*** RAW DATA Section Begins ***

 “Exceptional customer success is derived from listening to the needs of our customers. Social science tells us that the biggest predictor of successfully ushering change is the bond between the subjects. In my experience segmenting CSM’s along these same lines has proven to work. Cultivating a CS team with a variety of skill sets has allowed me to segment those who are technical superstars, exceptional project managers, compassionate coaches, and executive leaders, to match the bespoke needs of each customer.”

*** RAW DATA Section Ends ***
*** RAW DATA Section Begins ***

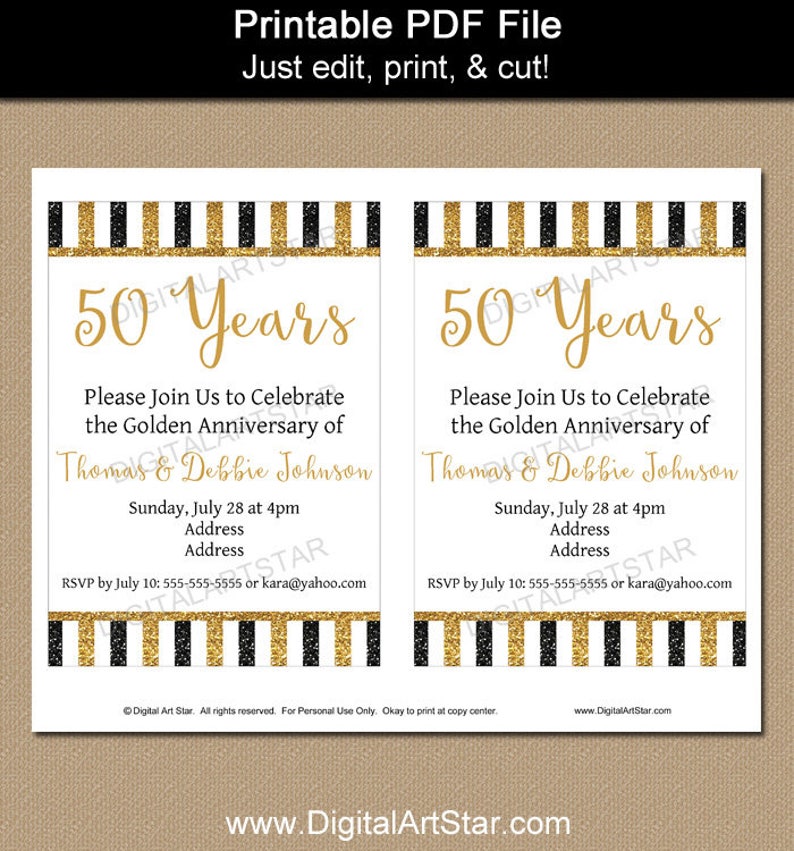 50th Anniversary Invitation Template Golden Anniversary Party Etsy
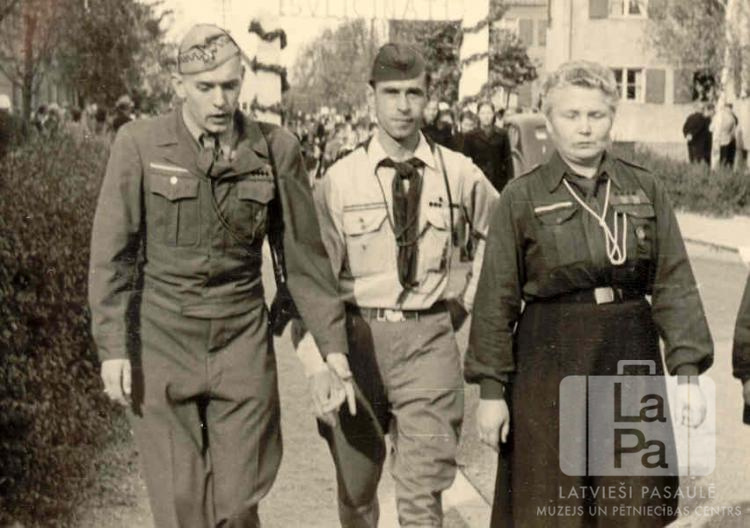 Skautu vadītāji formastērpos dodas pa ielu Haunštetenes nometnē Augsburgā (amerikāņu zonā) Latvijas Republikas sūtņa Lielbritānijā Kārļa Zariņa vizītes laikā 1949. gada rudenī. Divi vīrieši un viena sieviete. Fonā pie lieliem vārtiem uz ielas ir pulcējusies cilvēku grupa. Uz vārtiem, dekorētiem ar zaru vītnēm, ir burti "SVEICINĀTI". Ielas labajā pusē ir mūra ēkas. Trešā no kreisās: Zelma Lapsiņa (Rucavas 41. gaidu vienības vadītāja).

*** RAW DATA Section Ends ***

Look through the listing above for the line with "50th Anniversary Invitation" and the line with "Skautu vadītāji formastērpos". Write out exactly those lines and everything between, leaving out pictures.

# [WRITTEN RESPONSE]
 50th Anniversary Invitation Template Golden Anniversary Party Etsy
 Skautu vadītāji formastērpos dodas pa ielu Haunštetenes nometnē Augsburgā (amerikāņu zonā) Latvijas Republikas sūtņa Lielbritānijā Kārļa Zariņa vizītes laikā 1949. gada rudenī. Divi vīrieši un viena sieviete. Fonā pie lieliem vārtiem uz ielas ir pulcējusies cilvēku grupa. Uz vārtiem, dekorētiem ar zaru vītnēm, ir burti "SVEICINĀTI". Ielas labajā pusē ir mūra ēkas. Trešā no kreisās: Zelma Lapsiņa (Rucavas 41. gaidu vienības vadītāja).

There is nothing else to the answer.